Pravda attacked a number of local party officials and Scientists Avalov, Orlov, Nesterov and Shchedrin for "slanderous statements directed against the party's policy and its Leninist foundations." Singled out for his "provocative, antiparty" attitude was Economist L. D. Yaroshenko, whom Stalin himself denounced for "Bukharinism."
Thus the present "collective leadership" indicated that not only were there deviationists at work in Russia, but showed itself almost as nervous about them as Stalin had been about Bukharin (whom he had executed). Warned Pravda:
"The party has never tolerated and will not tolerate petty bourgeois licentiousness . . . The party cannot permit the freedom of discussing problems to be interpreted as freedom to propagate views alien to the spirit of Marxism-Leninism."
Well might free discussion worry the Communist leaders; when they talked of Stalin's great crime, the obvious question to them was, "Where were you?" and the only answer was, "We were afraid." Such a confession of cowardice, and the implied admission of complicity in Stalin's crimes, hardly enhanced their claims to be leaders of men.

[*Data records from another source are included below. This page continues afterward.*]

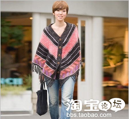 设计和剪裁另类的服饰总会夺人眼球,披肩的选择,十分适合手臂较粗,或者腰线圆润的女性,高挑的身材将披肩的流畅线条展示的十分飘逸,质朴的牛仔裤搭配更是烘托出披肩的休闲趣味。
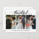 O obrigado de casamento moderno elegante que você postcard mostra 3 fotos de casamento em um layout de colagem, com um roteiro de caligrafia "agradecido" em preto sobre fundo branco. Personalize com seus nomes e adicione um obrigado personalizado que você envia e assina no verso.
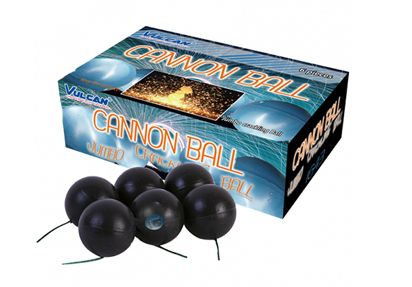 Cannon Ball is de grote broer van de traditionele knetterbal en per 6 verpakt Crackling Balls in XXL formaat. Zeer grote knetterballen, zeer groot effect. Gruwelijk intensieve explosie van knetters en zilveren sterren. WOW-Factor is zeker aanwezig bij dit vuurwerkproduct. Enorm geliefd bij jeugdige vuurwerkliefhebbers.

The Great Rewrite. One of the chief side effects of the Great Rewrite of history is the rehabilitation of former "Titoist criminals," dead or alive. Among last week's subjects for party absolution was Traicho Rostov, a Bulgarian Communist who had shocked his judges and been hissed in court when he denied having made the 32,000-word "confession" of traitorous acts presented at his trial in 1949. Last week it seemed that Rostov, who had been duly hanged, was really innocent all along.